Местная студия Пролеткульта, зеркально повторяя московские события, стала кадровой базой для Ассоциации пролетарских писателей. Если в центре основным финансовым источником культурно-просветительских проектов был Наркомпрос, в Саратове художественное творчество первоначально нашло существенную поддержку в профсоюзах. В 1926 г. 59 из 66 губернских клубов принадлежало профсоюзам и находилось на их содержании3. На профсоюзных членов была возложена обязательная культурная «разверстка» в размере 10 процентов от взносов, призванная покрыть, в том числе, и нужды книгоиздания. Финансовый поток из Москвы был кратно меньше собранного профсоюзами: в 1926 г. центр обеспечивал саратовскую культурную жизнь в размере 19 тысяч 179 рублей 79 копеек в год4, тогда как саратовские профсоюзы отчисляли в местный бюджет на культуру не менее 17 000 руб. ежемесячно5. Таким образом, именно профсоюзы, а не местные политпросветы, могли определять содержание многих культурных мероприятий [10], делая ставку на их самоокупаемость и развлекательность. Закономерно, что представители культуры ориентировались на эти актуальные запросы в большей степени, чем на пролетарские идеологические ценности. Известен, например, характерный случай, когда Л.А. Словохотов, бывший товарищ прокурора, сын протоиерея Оренбургской епархии, несколько лет подряд на разных площадках вел платную лекционную деятельность, финансируемую профсоюзами. Им было прочитано более ста лекций, посвященных проблемам литературы и эстетики, и ни один из цензурных органов Саратова не интересовался предметом и идейным содержанием его выступлений до конца 1920-х годов.
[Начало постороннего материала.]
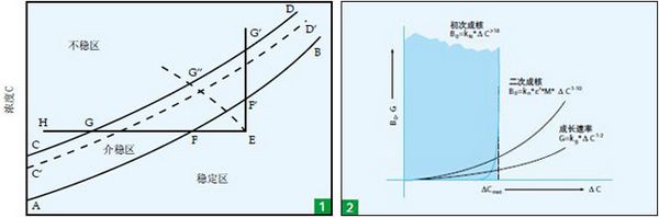 根據(jù)大量試驗(yàn)的結(jié)果證實(shí),溶液的過(guò)飽和與結(jié)晶的關(guān)系可用上圖1表示;圖中的AB 線為普通的溶解度曲線,CD 線代表溶液過(guò)飽和而能自發(fā)地產(chǎn)生晶核的濃度曲線( 超溶解度曲線),它與溶解度曲線大致平行。這兩根曲線將濃度——溫度圖分割為三個(gè)區(qū)城。在 AB 曲線以下是穩(wěn)定區(qū),在此區(qū)中溶液尚未達(dá)到飽和,因此沒有結(jié)晶的可能。AB 線以上為過(guò)飽和溶液區(qū),此區(qū)又分為兩部分:在 AB 與 CD 線之間稱為介穩(wěn)區(qū),在這個(gè)區(qū)域中,不會(huì)自發(fā)地產(chǎn)生晶核,但如果溶液中已加了晶種, 這些晶種就會(huì)長(zhǎng)大。 CD 線以上是不穩(wěn)區(qū),在此區(qū)域中,溶液能自發(fā)地產(chǎn)生晶核。若原始濃度為 E 的潔凈溶液在沒有溶劑損失的情況下冷卻到 F 點(diǎn),溶液剛好達(dá)到飽和,但不能結(jié)晶,因?yàn)樗€缺乏作推動(dòng)力的過(guò)飽和度。從F 點(diǎn)繼續(xù)冷卻到 G 點(diǎn)的一段期間,溶液經(jīng)過(guò)介穩(wěn)區(qū),雖已處于過(guò)飽和狀態(tài),但仍不能自發(fā)地產(chǎn)生晶核。只有冷卻到 G點(diǎn)后,溶液中才能自發(fā)地產(chǎn)生晶核,越深入不穩(wěn)區(qū)(例如達(dá)到 H 點(diǎn)),自發(fā)產(chǎn)生的晶核也越多。由此可見,超溶解度曲線及介穩(wěn)區(qū)、不穩(wěn)區(qū)這些概念對(duì)于結(jié)晶過(guò)程有重要意義。把溶液中的溶劑蒸發(fā)一部分,也能使溶液達(dá)到過(guò)飽和狀態(tài),圖中 EF ’ G’線代表此恒溫蒸發(fā)過(guò)程。在工業(yè)結(jié)晶中往合并使用冷卻和蒸發(fā),此過(guò)程可由 EG’’線代表。

Очевидно, что в годы нэпа в саратовском литературном процессе политическая линия по отношению к литературе со стороны губернского комитета партии носила менее устойчивый характер, чем в столице, где непосредственное участие представителей Московского комитета партии и Отдела печати было обязательным ритуалом совещаний и конференций [11]. Известно о случаях позднего прихода в Саратов некоторых циркуляров и об отсутствии списков запрещенных пьес в отдельных уездах. Документы, отложившиеся в московских архивах, рассказывают нам о ситуации de jure, а материалы Государственного архива новейшей истории Саратовской области показывают положение дел de facto: «…иногда ставят пьесы, не пропущенные Гублитом, откуда их берут, неизвестно». В Саратове решения АПО партии нередко отменяли ранее вынесенные постановления Гублита, причем эта отмена носила неуравновешенно-скоропалительный характер. Более того, происходил пропуск уже установленных после централизации цензуры в 1922 г. звеньев. Так, саратовский Гублит сообщает АПО, что несмотря на запрет со стороны «Гублита, а также местных партийных и общественно-руководящих органов о ненужности постановки на сцене театра Чернышевского “Чайного цветка” Левина, последняя была послана в Главрепертком, минуя Гублит и без его ведома» [10, с. 399].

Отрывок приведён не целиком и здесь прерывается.